Surf fishing will good in April

Assuming MN, is Minnesota?

and

PCB = Panama City Beach?


----------



## reelthrill (Oct 3, 2007)

Take them to Panama City Beach fishing pier. Should be lots of fish to catch then. Stop at Half Hitch tackle that is next to the pier and talk with them about what to fish with.


----------



## Coach1310 (Jan 30, 2017)

Yes, MN is Minnesota and yes we are staying in Panama City Beach. My biggest concern is gear.... are there decent rentals available? To outfit the three of us for a few days might not be worth it. In the research I have done it looks like a variety of options... Piers, surf fishing, jettys, etc. My oldest is also set on trying to catch largemouth bass from a pond... pond fishing is not a big thing in MN, but he thinks it would be cool. I appreciate the feedback so far.


----------



## BananaTom (Feb 16, 2008)

For a vacation of many types of fishing as you describe, I think I would go to WalMart and buy $40 combos.


----------



## FishWalton (Jul 22, 2010)

reelthrill said:


> Take them to Panama City Beach fishing pier. Should be lots of fish to catch then. Stop at Half Hitch tackle that is next to the pier and talk with them about what to fish with.


Half Hitch right next the pier at Pier Park has rental tackle for the pier. With types of fishing you mentioned, except for bass fishing you might be better off just buying a combo at Walmart for $40 for a few days of fishing. Tourist buy these things and just chalk it up as a vacation expense and leave the gear behind when they go back home. Generally heavier gear is needed for saltwater fishing and lighter gear for bass fishing. Lighter combo gear is available as well. If you happen to stay in a resort that has a pond(s) don't overlook them for bass. In some locations they are loaded with bass.


----------



## Sea-r-cy (Oct 3, 2007)

Bring your muskie rods with you, clean them well after being around salt water.


----------



## Dunt (Aug 14, 2015)

Cobia


----------



## welldoya (Oct 5, 2007)

If you have some good size spinning reels (some that hold 15 - 25 lb line), bring them with you and go buy a couple of 9' rods for $20 each when you get here. Maybe get a couple of sand spikes and you are ready for surf fishing for pompano and redfish.
It would be more relaxing than trying to fight the pier crowd.
You can sell the rods when you leave.


----------



## Saltydog44 (Dec 31, 2016)

You definitely need to try out St.

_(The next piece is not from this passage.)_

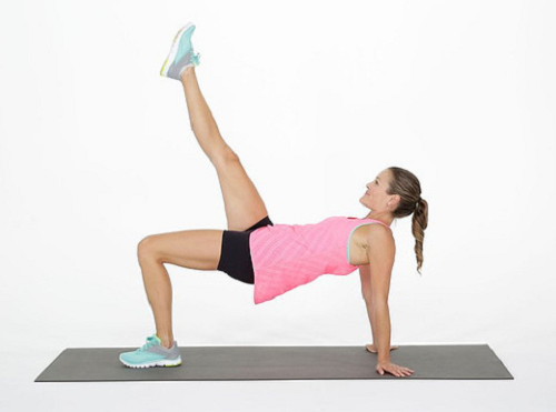 매트에 엉덩이를 대고 앉아서 시작하세요. 손바닥과 발바닥을 지면에 붙이고, 몸을 공중으로 띄우면 테이블탑 자세가 완성됩니다. 그리고 오른쪽 다리를 뻗어서 킥 동작을 추가하면 되는데요. 3초 이상 버틴 후, 원래 자세로 돌아오고, 반대쪽 다리로 동일하게 반복합니다. 1분간 교차하세요.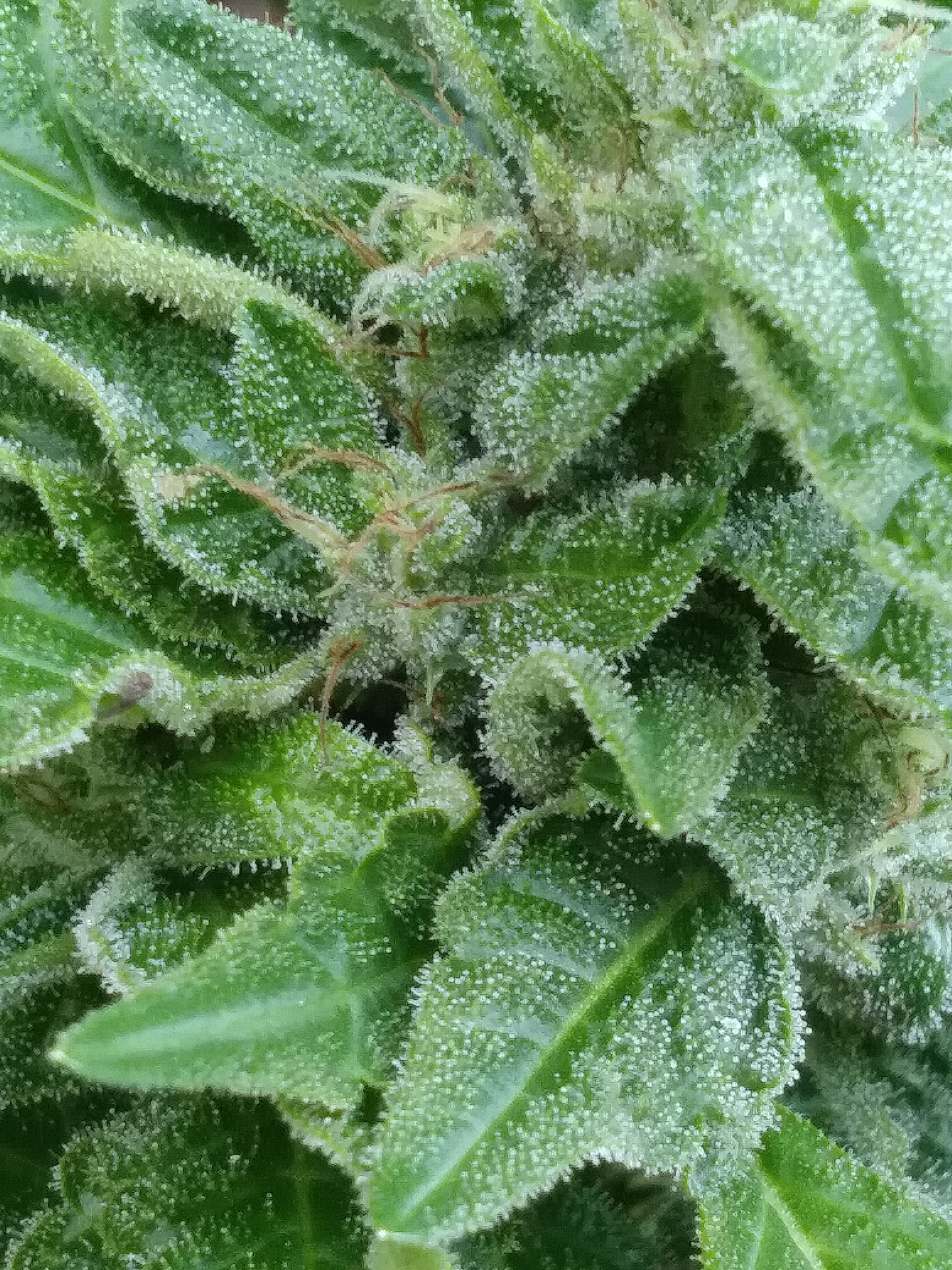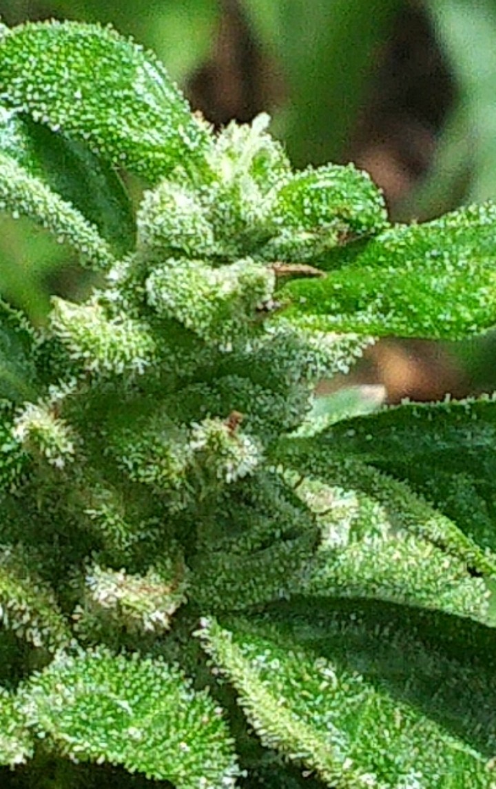 Cc420, great photo! the tricomes on the buds look even cloudier than the ones on the leafs. In the second photo, I think that there may be one that is amber, but it might just be the end of a pistil poking into the shot.

Andrews camp ground if you are going to PCB . It's a great state park . There is a two beaches one called the lagoon and the other just the gulf. The lagoon is an amazing place to go snorkeling many jettys with fish . The park also has a gulf pier if you want to try your luck there.


----------



## fishingrsx (Nov 13, 2014)

A buddy of mine matt does shark fishing trips off the beach in Panama City. He's a good guy and could your your family on some big fish. You can search him up on Facebook (Off The Beach Shark Fishing Trips).


Sent from my iPhone using Tapatalk


----------



## Dmoney (Feb 19, 2017)

Yes Coach, those Muskie poles will probably work for most of the fish at the pier. You will need some larger spinning reels that will hold 250 -300 yds of mono (15-20lb.) for kings or cobia. For Spanish, hard tails, ladyfish, etc. your smaller spinning reels and even your bait casters will work, and come in handy for pond bass. If you get in a bind there is always Half- hitch right on the property. Best advice; block off a morning or afternoon to start with just scouting and checking out things (kinda like studying game film).Have a great time and keep a line in the water ! FishinDon


----------



## genehuk (Sep 29, 2013)

St. Andrews Park is a must see. Regardless of fishing, it's a wonderful place for kids to hang out. And it is my favorite place to fish, too. You can fish off fishing piers. Jetties is good place but probably too slippery for kids. My favorite spot is the Inlet. Go to where people park there boat trailers at the boat ramp, and to your right, you will see a walking trail. It will take you to beach where many locals fish. In April, you will see plenty of pompano, whiting, etc. And if you run into Spanish run, your kids will have a memory of lifetime.


----------